I have already told you that Japanese is an agglutinative language, meaning that all
grammatical indicators such as suffixes, postpositions, auxiliary words are attached
to content words — nouns, pronouns, adjectives, and verbs.

Today we are going to discuss parts of speech, the word order in a Japanese sentence,
and interrogative sentences in Japanese.

SLIDE 2

All words in Japanese can be either content or auxiliary. Content words are nouns,
adjectives and adverbs, verbs, different kinds of pronouns, numerals, interjections.

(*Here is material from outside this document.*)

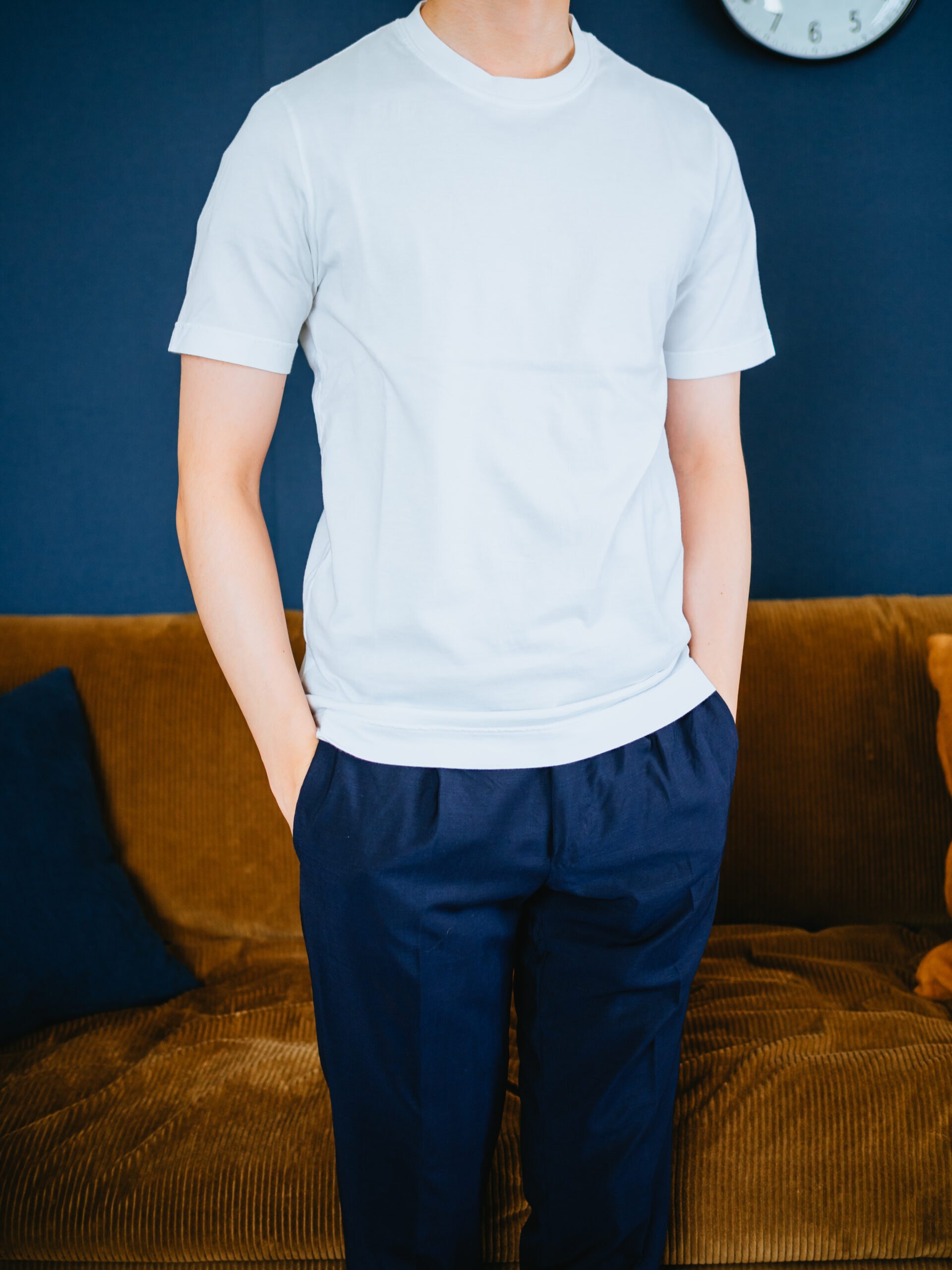 綿100%なのにストレッチ性もあって着心地バツグン。あとは耐久性が気になるところですが、超長綿で厚みのある生地なので、リブも付いているので早々簡単に型崩れはしないと思います。

Auxiliary words are various particles, including case particles, postpositions,


conjunctions, nominalizers, and copular verbs, or copulas. Auxiliary words always
stand after content words.

SLIDE 3

There are almost no regular grammar forms of gender or number in Japanese. It is


only in certain cases that we can trace back how these categories used to be rendered,
but none of those patterns are used for modern word formation. For example, stem
reduplication (or doubling) — in the words ‘国々’ (countries) from ‘国’ (country);
or ‘人々’ (people) from ‘人’ (person). Using the suffix ‘しょ’ in the word ‘諸国’
(countries). But all those are singular examples.

SLIDE 4

There are only two tenses in Japanese: the past tense and the present/future tense.
Characteristic of Japanese is that the tense is a category not only of verbs, like in
English, but also of adjectives.

SLIDE 5

A difficult thing when learning Japanese is its grammatical expression of speech


styles: polite-colloquial and formal-written. Formal-written forms of verbs and
adjectives in the present/future tense are featured in dictionaries and end with the
suffix う or る, while polite-colloquial forms are derived with special ‘polite’
suffixes and forms of a copula, so polite-colloquial speech is also called ‘des/mas
style’.

First, we will study the dictionary, neutral-written forms of verbs, and then learn
how to derive from them forms with various grammar meanings.

SLIDE 6

The word order in Japanese is fixed. In general, the entire structure of a sentence is
defined by three rules.

Rule 1: The predicate always ends the sentence, whether it is expressed by a verb,
an adjective or a noun.

Rule 2: The attribute always precedes the modified word, whether it is expressed by
an adjective, a noun, a verb or a relative clause.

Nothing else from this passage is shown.